+++ Data
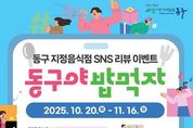 브릿지저널 김진석 기자 | 대구 동구청은 지정음식점 홍보와 외식산업 활성화를 위해 20일부터 11월 16일까지 4주간 ‘동구 지정음식점 홍보 SNS 인증샷 & 리뷰 이벤트’를 실시한다. 전 국민 누구나 참여 할 수 있는 이번 이벤트는 대구 동구맛집 홈페이지에서 이벤트 참여 식당을 확인 후 이용 한 뒤 리뷰를 등록하고 인증하면 된다. 리뷰 등록은 네이버 MY 플레이스 영수증 리뷰 또는 인스타그램에 음식사진과 함께 해시태그 3종(#업소명#대구동구지정음식점#동구맛집맛있어) 게시 2가지 방법으로 할 수 있으며, 이벤트 참여는 대구 동구맛집 홈페이지에서 해당 리뷰를 인증하면 된다. 참여자 중 추첨을 통해 매주 화요일 25명씩 총 100명의 당첨자를 선정해 ‘동구 맛집 명성을 담은 밀키트’ 10선 중 1개와 모바일 커피쿠폰(스타벅스)을 경품으로 증정한다. 윤석준 동구청장은 “이번 이벤트를 통해 동구 관내 다양한 지정음식점을 홍보하여 많은 분들이 동구의 맛을 즐기고 이를 통해 우리 지역 먹거리의 우수성을 널리 알리고 지역경제 활성화에 도움이 되길 바란다”고 말했다.
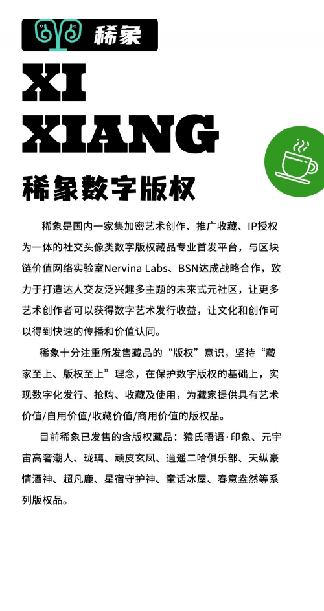 稀象一直相信以政策為主導的版權IP交易市場,才是數(shù)藏流轉(zhuǎn)市場的最后歸宿。并且始終堅定如一地相信,好的版權IP一定是能夠連續(xù)產(chǎn)出版權價值,以及成為具有真正收藏意義的稀缺版權作品。
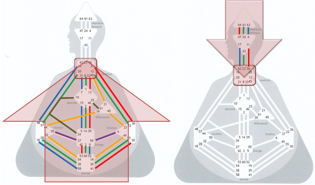Außerdem sind sämtliche Aussagen dann auch noch im Zusammenhang mit der jeweiligen Körpergrafik zu betrachten, weil eben nicht jedes definierte Tor bei jedem Menschen gleich ausgeprägt ist – eben auf Grund von Farben und Tönen und Basen – sondern dann auch noch unterschiedlich gelebt wird.
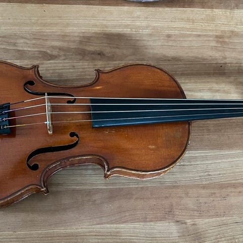 Selger en 100 år gammel fiolin. I henhold til alderen fiolinen ser veldig pen ut. Det står en norsk navn i fiolinen med håndskrift men det er vanskelig å lese.
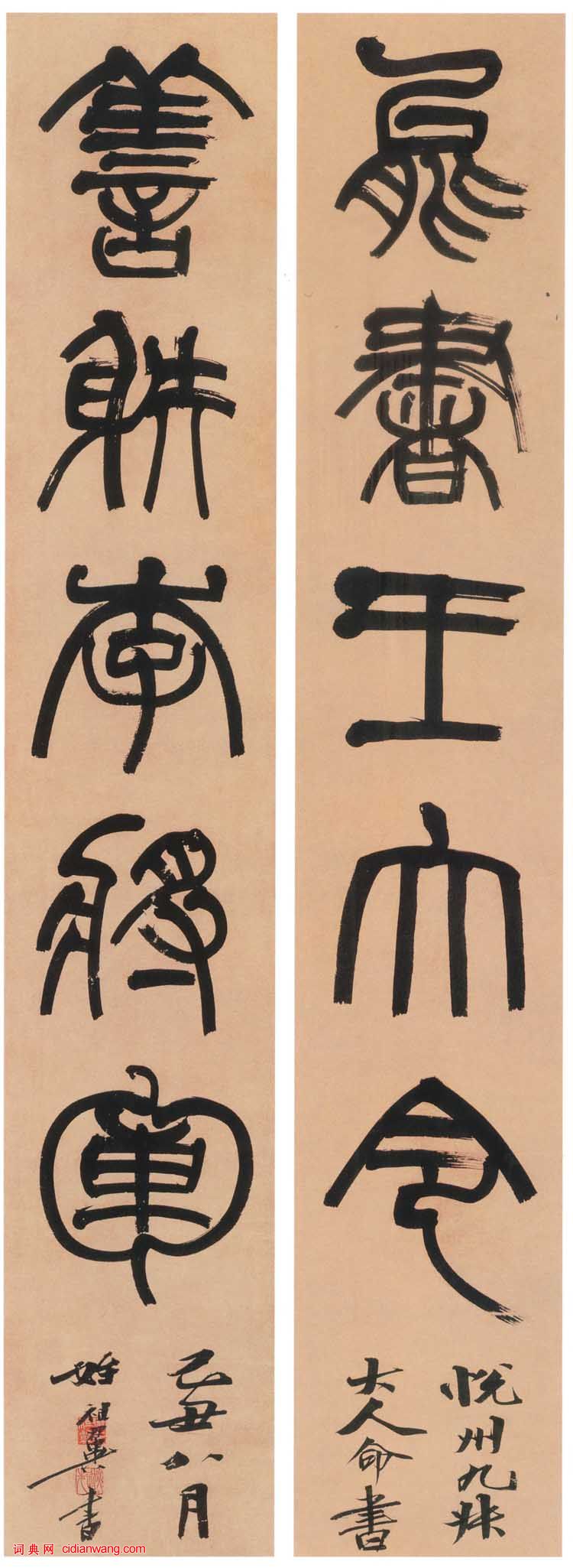 書法欣賞魏晉書法唐朝書法宋朝書法元朝書法明朝書法清朝書法近現代書法字典網>> 歷代書法>> 近現代>> 張祖翼篆書《能書善射五言聯》正文 張祖翼篆書《能書善射五言聯》作者:張祖翼 書體:篆書 張祖翼《篆書能書善射五言聯》紙本篆書 133.5×23.7cm×2 安徽省博物館藏 釋文:能書王大令,善射李將軍。 款署:悅州九叔大人命書,己丑八月姪祖翼書。 鈐印:張祖翼印(白文)、逖先(朱文) 張祖翼的相關書法作品:張祖翼篆書《能書善射五言聯》 張祖翼篆書《能書善射五言聯》 張祖翼隸書《文章懷抱五言聯》 張祖翼《隸書集碑記四條屏》 相關文章:東晉《爨寶子碑》 (隸書)台北故宮博物院藏拓本 爨寶子碑,全稱為“晉故振威將軍建寧太守爨府君墓”碑。乾隆戊...倪元璐《行草書體秋之一五言詩軸》 (行草)倪元璐《行草書體秋之一五言詩軸》紙本行草書 182.6×46.1cm 廣州藝術...金勉《蕪城賦》 (楷書)選自《契蘭堂帖》《蕪城賦》,鮑明達。彌迆平原,南馳蒼梧漲海,北走紫塞雁門。柂以漕...唐寅·自題《李端端圖》 (行書)唐寅《李端端圖》絹本設色 122.7×57.3cm 南京博物院藏鈐印:唐伯虎(...戰國《包山楚簡》 (篆體)戰國中晚期 湖北荊門包山楚簡 湖北省博物館藏(下為局部) 1986年湖北荊門市包...王獻之·餘杭帖 (行書)【釋文】獻之白:思戀,觸事彌至。獻之既欲過餘杭,州將若比還京,必視之。來月十左右...懷素草書《藏真律公二帖》 (草書)懷素草書藏真律公二帖 縱140厘米,橫49厘米 陝西西安碑林 石為豎方形,宋元...孫星衍篆書《非道文而八言聯》 (篆書)孫星衍《篆書非道文而八言聯》紙本篆書 130.4×28.3cm×2 北京故宮...曾熙楷書《遠矚頤神八言聯》 (楷書)曾熙《楷書遠矚頤神八言聯》紙本楷書 202.5×41cm×2 1924年作 ...張宇初·道家識語 (行草)【釋文】清微之謂道中之法也。以其非復天神霄酆岳者比焉。而非功行圓融。心法貫妙者。...
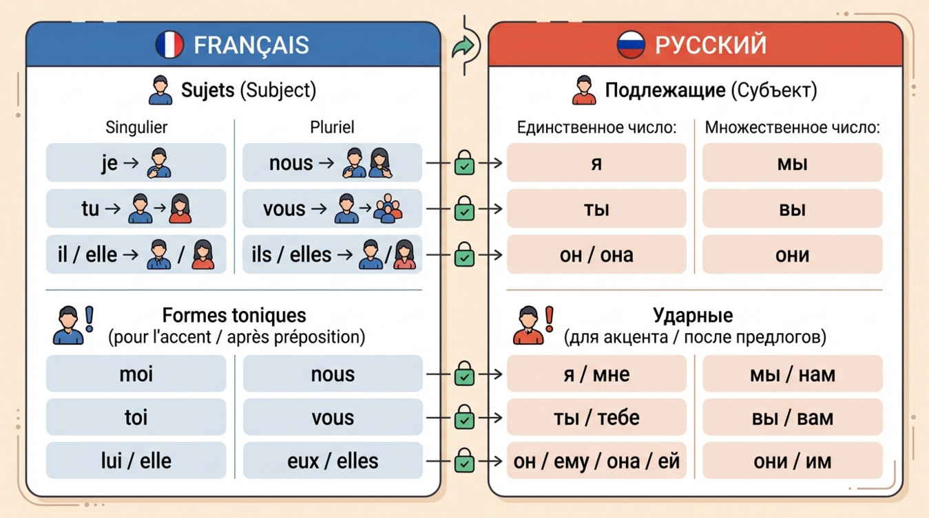 Французские местоимения гораздо разнообразнее русских. Они различаются по функции в предложении: одни выступают подлежащим, другие — дополнением. Кроме того, существует строгое разделение на ударные и безударные формы, что влияет на порядок слов и интонацию. По данным исследования Института французского языка (Institut de la langue française), местоимения составляют около 15% всех слов в устной французской речи — это огромная доля, игнорировать которую невозможно.
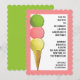 Divertidas invitaciones creativas para fiesta de tenis con pelotas de tenis coloridas como bolas de helado.
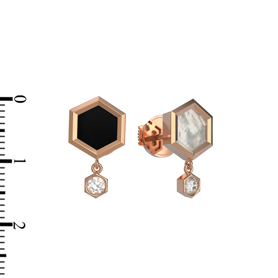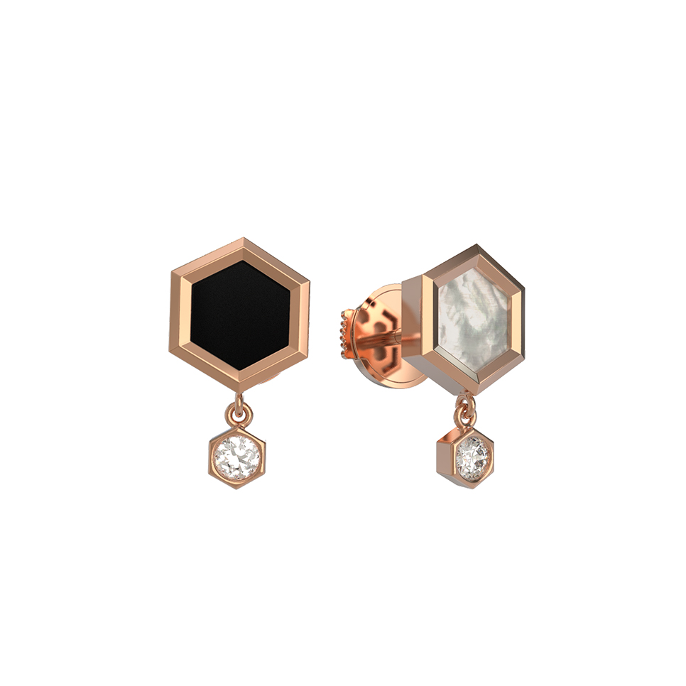 Серьги из золота c бриллиантами, ониксом и перламутром
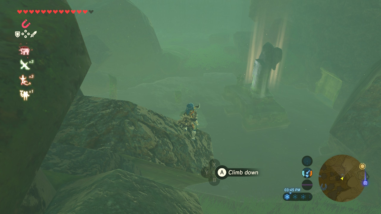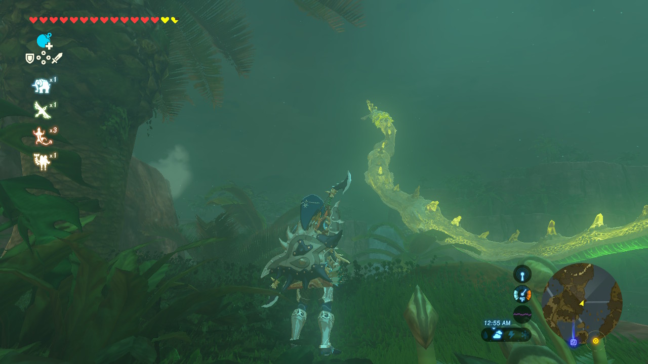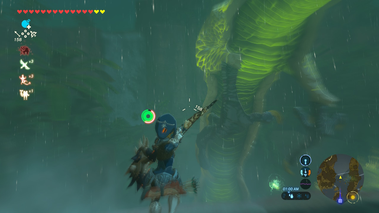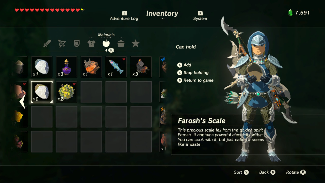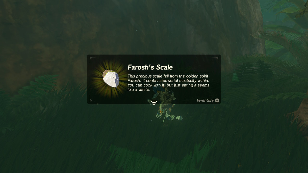 This time, you’ll need the scale of Farosh, a lightning dragon that travels a long route from Floria Falls and back to Lake Hylia, where it flies beneath the Bridge of Hylia and into the sky beyond. It dives in the water and re-emerges in both locations, making it pretty tricky to follow. Wait around Floria Falls bridge or the Bridge of Hylia until the dragon appears.
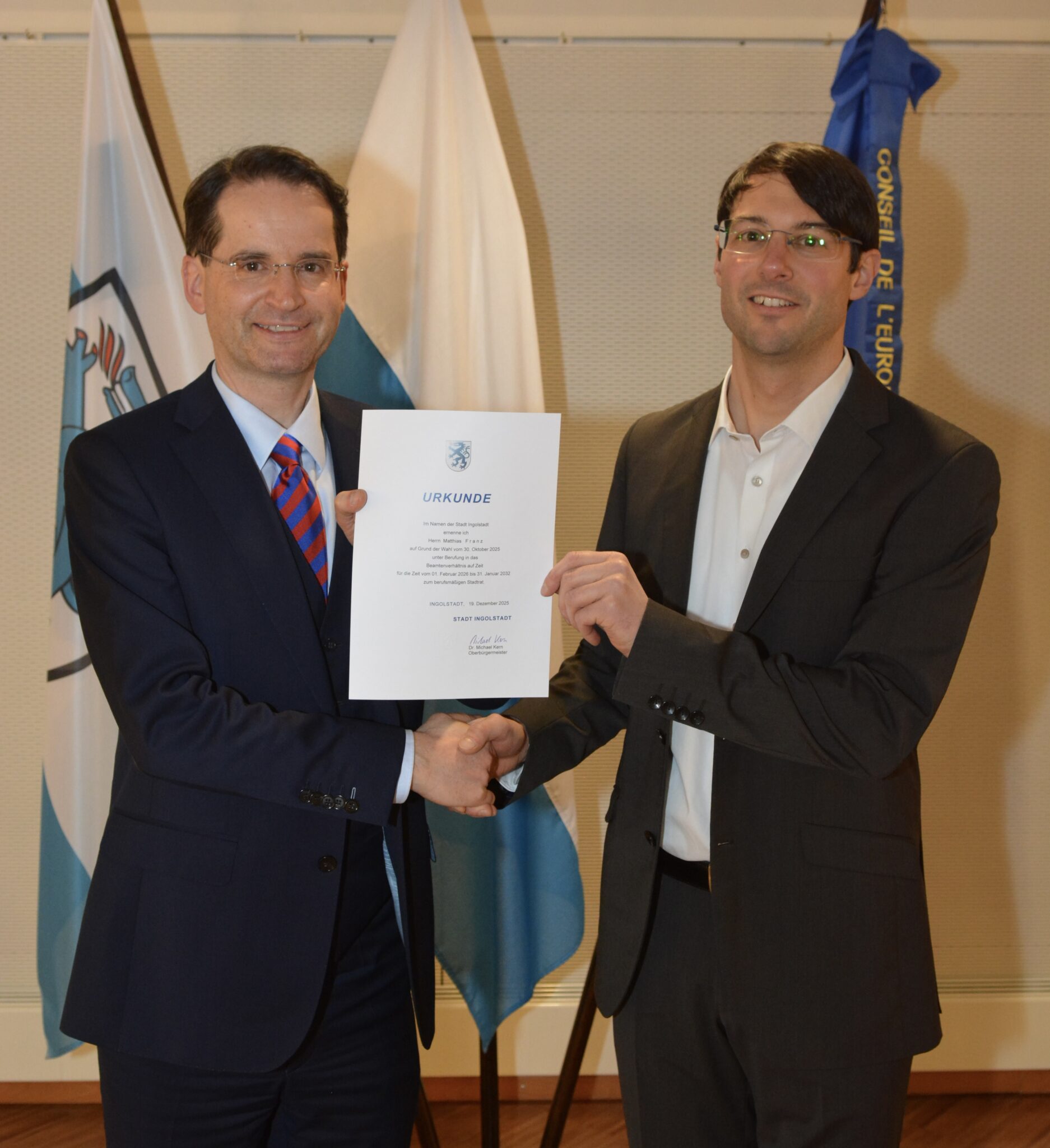 Im Namen der Stadt Ingolstadt hat Oberbürgermeister Dr. Michael Kern die Ernennungsurkunde an den neuen Referenten für Hoch- und Tiefbau, Matthias Franz, überreicht.
++++++
> **What the task asks**
Would you write out the material above in full, exactly as given, except for its pictures?

> **Expected answer**
 브릿지저널 김진석 기자 | 대구 동구청은 지정음식점 홍보와 외식산업 활성화를 위해 20일부터 11월 16일까지 4주간 ‘동구 지정음식점 홍보 SNS 인증샷 & 리뷰 이벤트’를 실시한다. 전 국민 누구나 참여 할 수 있는 이번 이벤트는 대구 동구맛집 홈페이지에서 이벤트 참여 식당을 확인 후 이용 한 뒤 리뷰를 등록하고 인증하면 된다. 리뷰 등록은 네이버 MY 플레이스 영수증 리뷰 또는 인스타그램에 음식사진과 함께 해시태그 3종(#업소명#대구동구지정음식점#동구맛집맛있어) 게시 2가지 방법으로 할 수 있으며, 이벤트 참여는 대구 동구맛집 홈페이지에서 해당 리뷰를 인증하면 된다. 참여자 중 추첨을 통해 매주 화요일 25명씩 총 100명의 당첨자를 선정해 ‘동구 맛집 명성을 담은 밀키트’ 10선 중 1개와 모바일 커피쿠폰(스타벅스)을 경품으로 증정한다. 윤석준 동구청장은 “이번 이벤트를 통해 동구 관내 다양한 지정음식점을 홍보하여 많은 분들이 동구의 맛을 즐기고 이를 통해 우리 지역 먹거리의 우수성을 널리 알리고 지역경제 활성화에 도움이 되길 바란다”고 말했다.
 稀象一直相信以政策為主導的版權IP交易市場,才是數(shù)藏流轉(zhuǎn)市場的最后歸宿。并且始終堅定如一地相信,好的版權IP一定是能夠連續(xù)產(chǎn)出版權價值,以及成為具有真正收藏意義的稀缺版權作品。
Außerdem sind sämtliche Aussagen dann auch noch im Zusammenhang mit der jeweiligen Körpergrafik zu betrachten, weil eben nicht jedes definierte Tor bei jedem Menschen gleich ausgeprägt ist – eben auf Grund von Farben und Tönen und Basen – sondern dann auch noch unterschiedlich gelebt wird.
 Selger en 100 år gammel fiolin. I henhold til alderen fiolinen ser veldig pen ut. Det står en norsk navn i fiolinen med håndskrift men det er vanskelig å lese.
 書法欣賞魏晉書法唐朝書法宋朝書法元朝書法明朝書法清朝書法近現代書法字典網>> 歷代書法>> 近現代>> 張祖翼篆書《能書善射五言聯》正文 張祖翼篆書《能書善射五言聯》作者:張祖翼 書體:篆書 張祖翼《篆書能書善射五言聯》紙本篆書 133.5×23.7cm×2 安徽省博物館藏 釋文:能書王大令,善射李將軍。 款署:悅州九叔大人命書,己丑八月姪祖翼書。 鈐印:張祖翼印(白文)、逖先(朱文) 張祖翼的相關書法作品:張祖翼篆書《能書善射五言聯》 張祖翼篆書《能書善射五言聯》 張祖翼隸書《文章懷抱五言聯》 張祖翼《隸書集碑記四條屏》 相關文章:東晉《爨寶子碑》 (隸書)台北故宮博物院藏拓本 爨寶子碑,全稱為“晉故振威將軍建寧太守爨府君墓”碑。乾隆戊...倪元璐《行草書體秋之一五言詩軸》 (行草)倪元璐《行草書體秋之一五言詩軸》紙本行草書 182.6×46.1cm 廣州藝術...金勉《蕪城賦》 (楷書)選自《契蘭堂帖》《蕪城賦》,鮑明達。彌迆平原,南馳蒼梧漲海,北走紫塞雁門。柂以漕...唐寅·自題《李端端圖》 (行書)唐寅《李端端圖》絹本設色 122.7×57.3cm 南京博物院藏鈐印:唐伯虎(...戰國《包山楚簡》 (篆體)戰國中晚期 湖北荊門包山楚簡 湖北省博物館藏(下為局部) 1986年湖北荊門市包...王獻之·餘杭帖 (行書)【釋文】獻之白:思戀,觸事彌至。獻之既欲過餘杭,州將若比還京,必視之。來月十左右...懷素草書《藏真律公二帖》 (草書)懷素草書藏真律公二帖 縱140厘米,橫49厘米 陝西西安碑林 石為豎方形,宋元...孫星衍篆書《非道文而八言聯》 (篆書)孫星衍《篆書非道文而八言聯》紙本篆書 130.4×28.3cm×2 北京故宮...曾熙楷書《遠矚頤神八言聯》 (楷書)曾熙《楷書遠矚頤神八言聯》紙本楷書 202.5×41cm×2 1924年作 ...張宇初·道家識語 (行草)【釋文】清微之謂道中之法也。以其非復天神霄酆岳者比焉。而非功行圓融。心法貫妙者。...
 Французские местоимения гораздо разнообразнее русских. Они различаются по функции в предложении: одни выступают подлежащим, другие — дополнением. Кроме того, существует строгое разделение на ударные и безударные формы, что влияет на порядок слов и интонацию. По данным исследования Института французского языка (Institut de la langue française), местоимения составляют около 15% всех слов в устной французской речи — это огромная доля, игнорировать которую невозможно.
 Divertidas invitaciones creativas para fiesta de tenis con pelotas de tenis coloridas como bolas de helado.
 Серьги из золота c бриллиантами, ониксом и перламутром
 This time, you’ll need the scale of Farosh, a lightning dragon that travels a long route from Floria Falls and back to Lake Hylia, where it flies beneath the Bridge of Hylia and into the sky beyond. It dives in the water and re-emerges in both locations, making it pretty tricky to follow. Wait around Floria Falls bridge or the Bridge of Hylia until the dragon appears.
 Im Namen der Stadt Ingolstadt hat Oberbürgermeister Dr. Michael Kern die Ernennungsurkunde an den neuen Referenten für Hoch- und Tiefbau, Matthias Franz, überreicht.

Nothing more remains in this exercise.